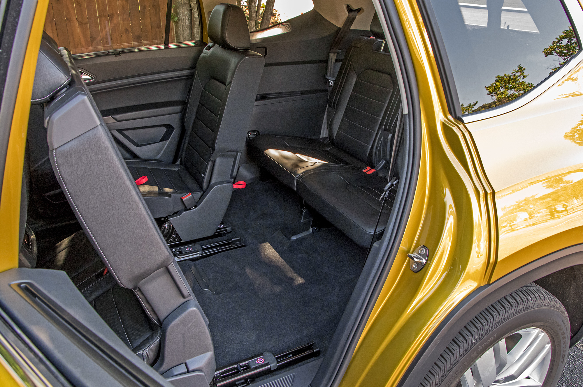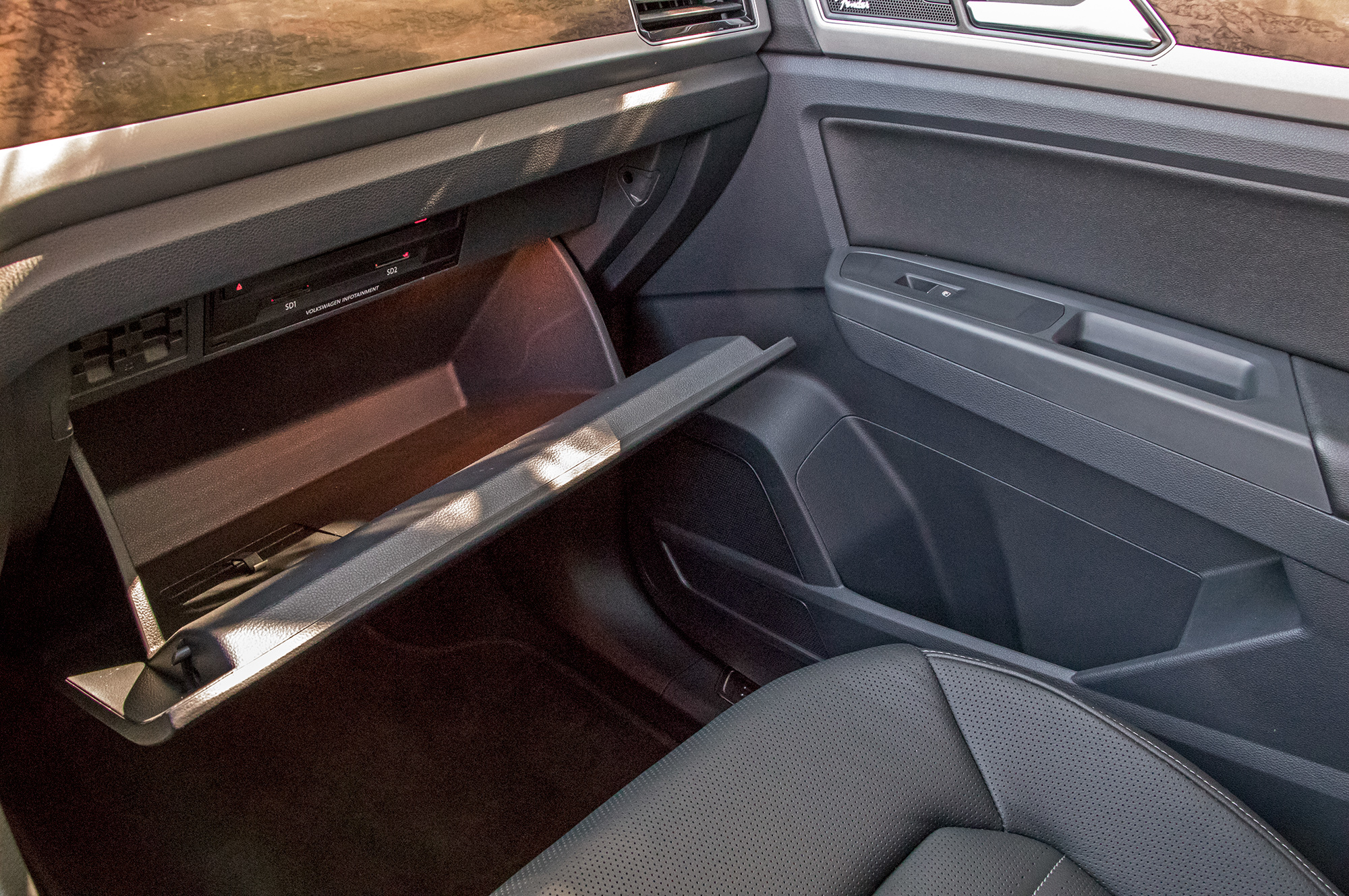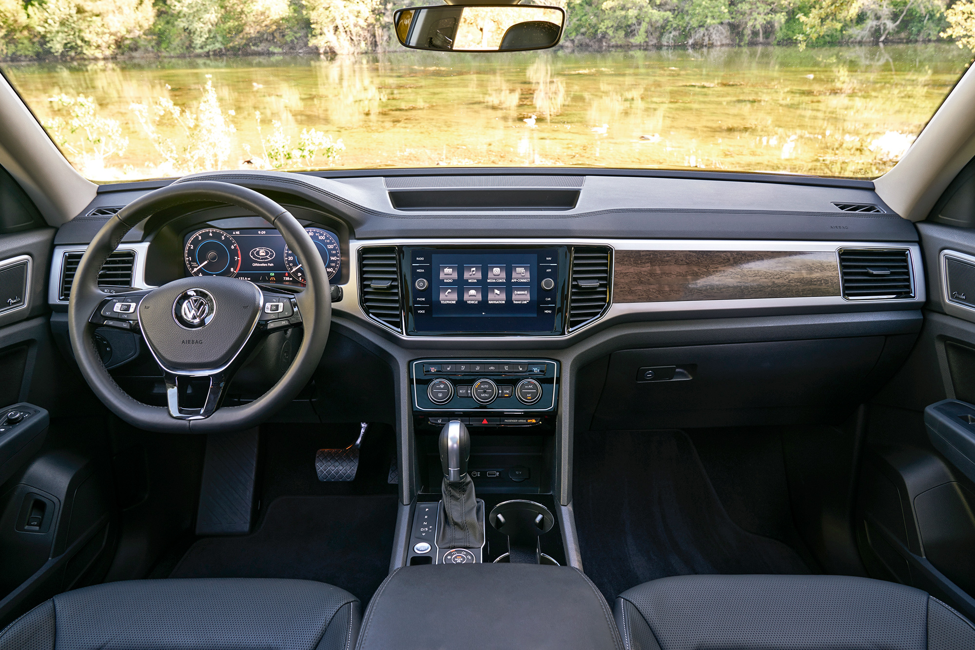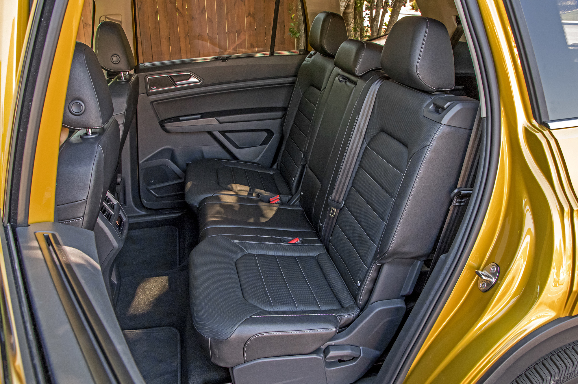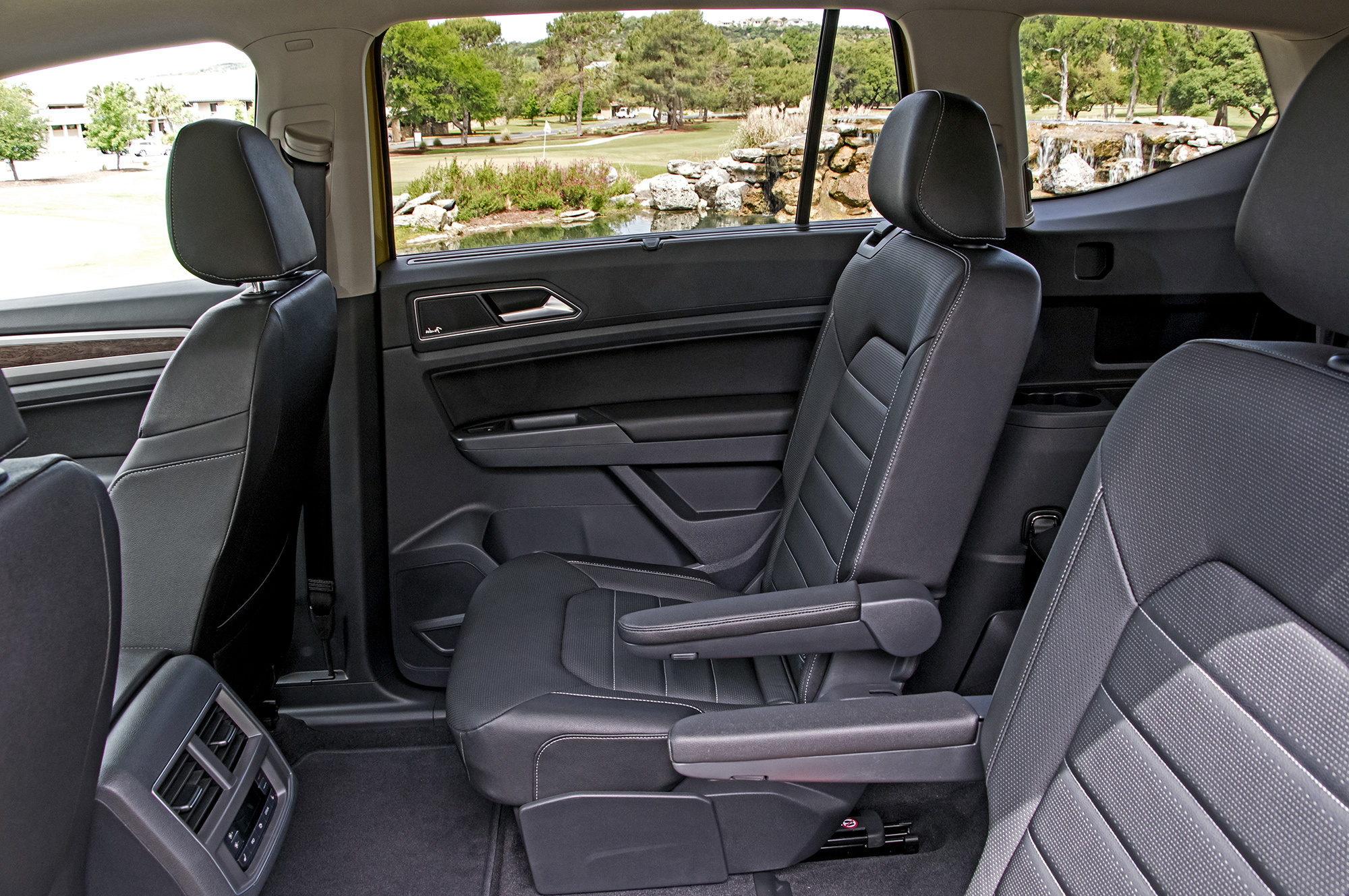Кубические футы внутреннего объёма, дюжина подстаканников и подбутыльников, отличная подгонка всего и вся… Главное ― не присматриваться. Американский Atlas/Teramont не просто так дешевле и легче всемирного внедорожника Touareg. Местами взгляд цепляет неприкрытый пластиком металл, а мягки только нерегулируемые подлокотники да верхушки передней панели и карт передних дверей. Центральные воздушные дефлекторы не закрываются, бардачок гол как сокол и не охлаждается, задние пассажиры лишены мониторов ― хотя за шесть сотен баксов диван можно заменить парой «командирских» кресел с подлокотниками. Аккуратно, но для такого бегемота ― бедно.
==
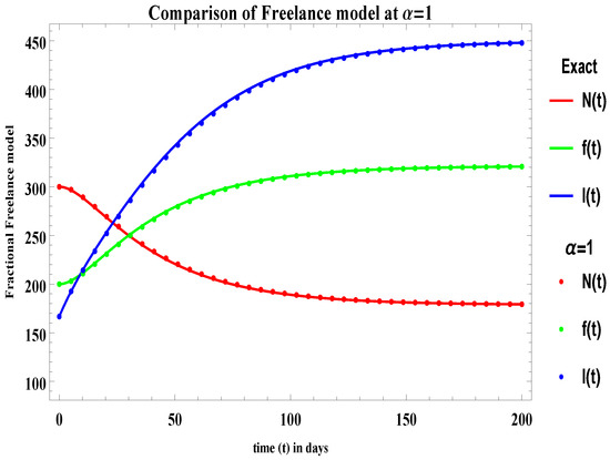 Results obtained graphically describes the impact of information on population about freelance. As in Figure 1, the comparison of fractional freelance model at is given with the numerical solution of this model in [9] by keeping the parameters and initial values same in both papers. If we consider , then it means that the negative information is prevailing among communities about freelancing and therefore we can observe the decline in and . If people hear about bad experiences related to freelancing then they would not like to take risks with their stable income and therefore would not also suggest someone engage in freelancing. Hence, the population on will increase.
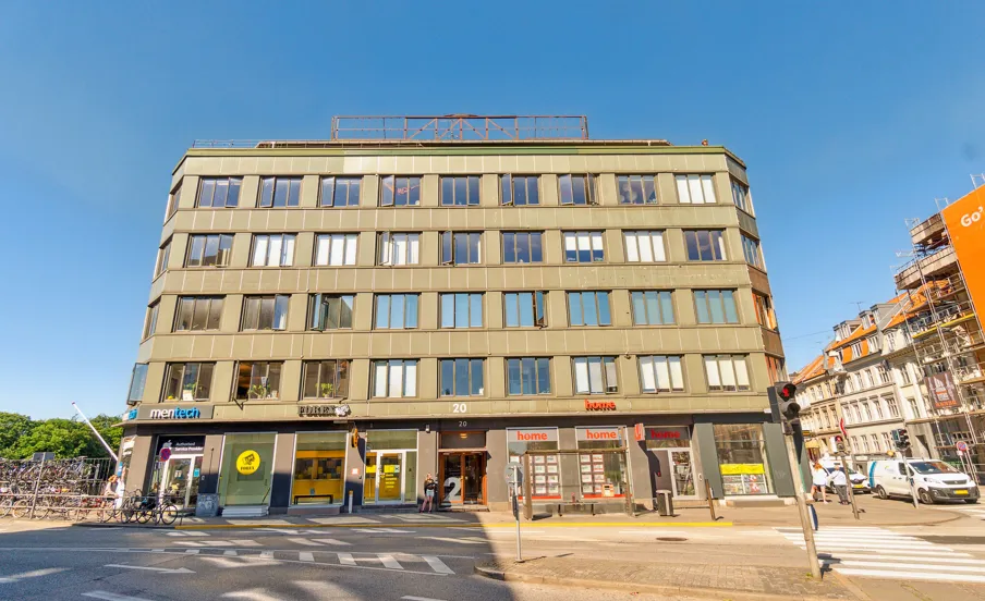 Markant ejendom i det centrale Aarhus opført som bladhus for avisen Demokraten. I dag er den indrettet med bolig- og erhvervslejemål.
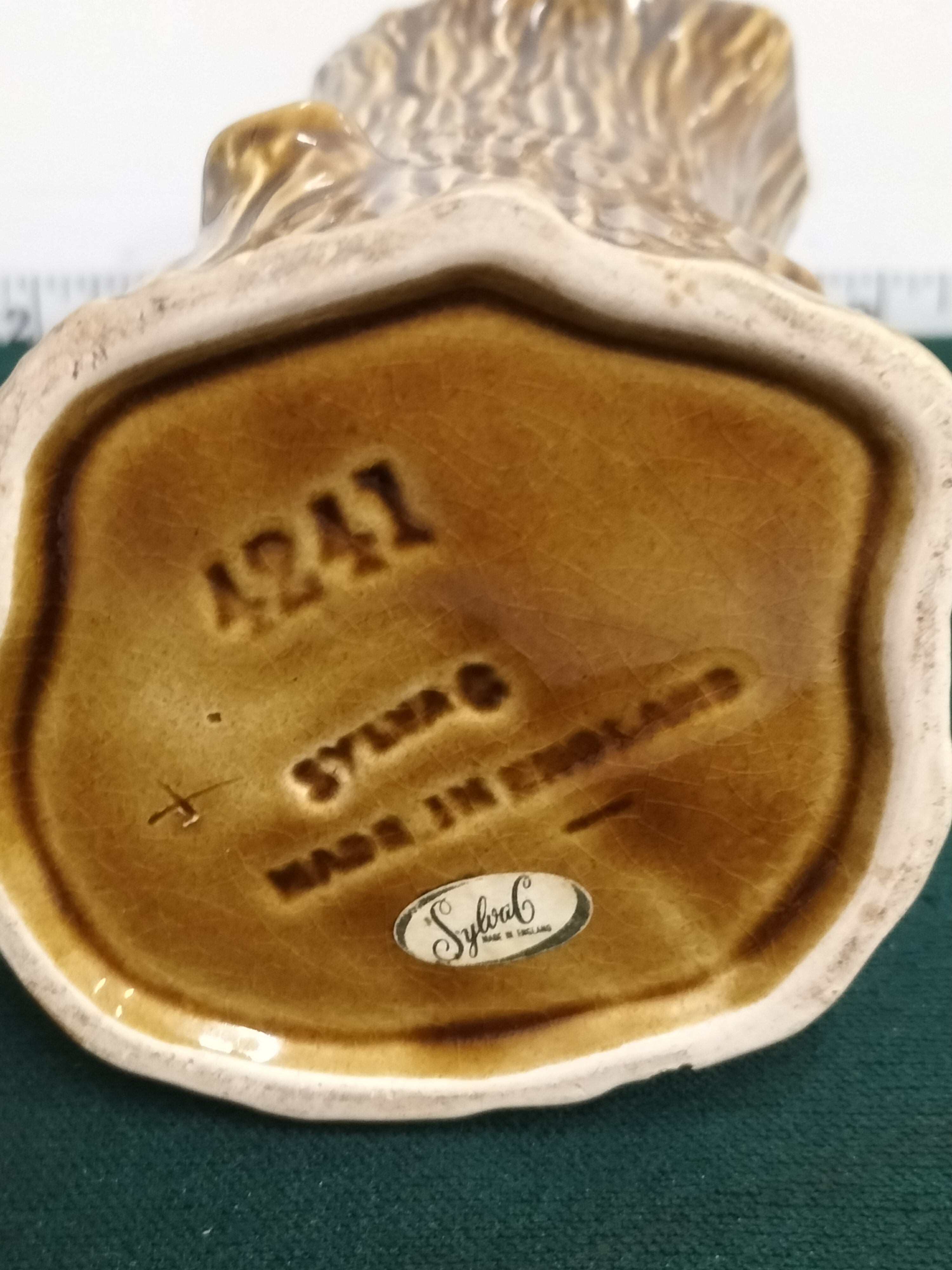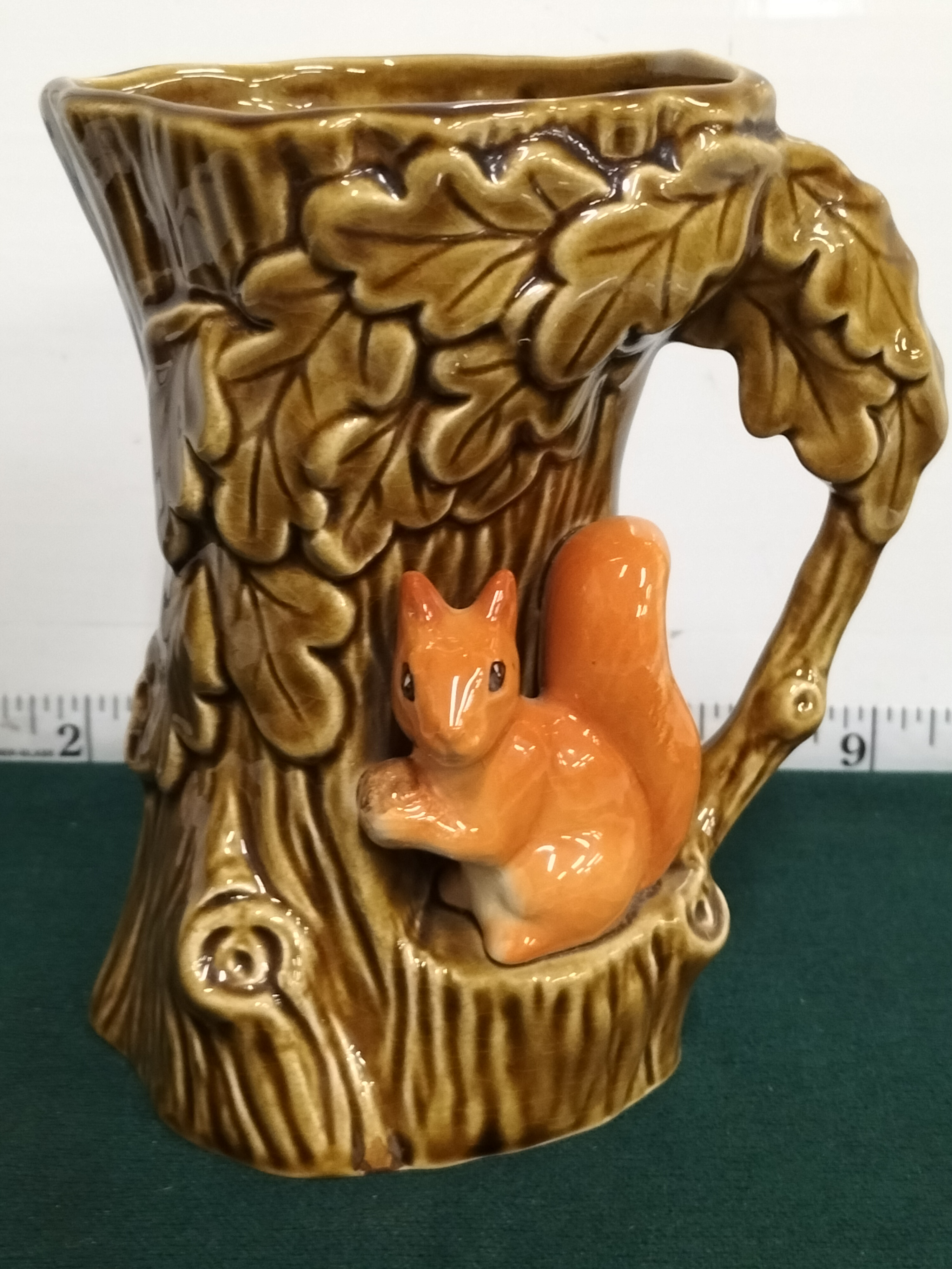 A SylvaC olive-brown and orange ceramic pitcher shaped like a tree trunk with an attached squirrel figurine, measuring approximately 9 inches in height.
--
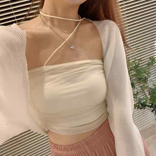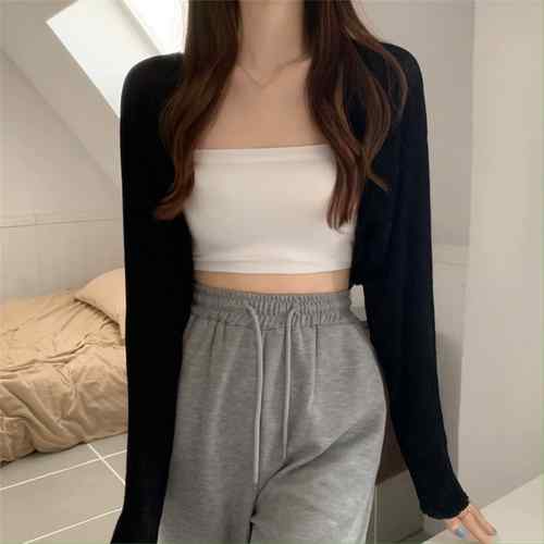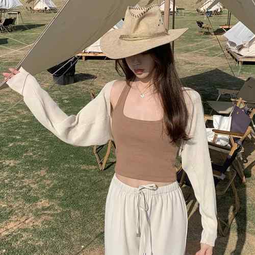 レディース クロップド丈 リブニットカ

__ACTIVITY__
Above are records; write out the lines from the one with "Markant ejendom i" down to the one with "A SylvaC olive-brown", exactly, leaving the pictures out.

__OUTPUT FOR THIS EXERCISE__
 Markant ejendom i det centrale Aarhus opført som bladhus for avisen Demokraten. I dag er den indrettet med bolig- og erhvervslejemål.
 A SylvaC olive-brown and orange ceramic pitcher shaped like a tree trunk with an attached squirrel figurine, measuring approximately 9 inches in height.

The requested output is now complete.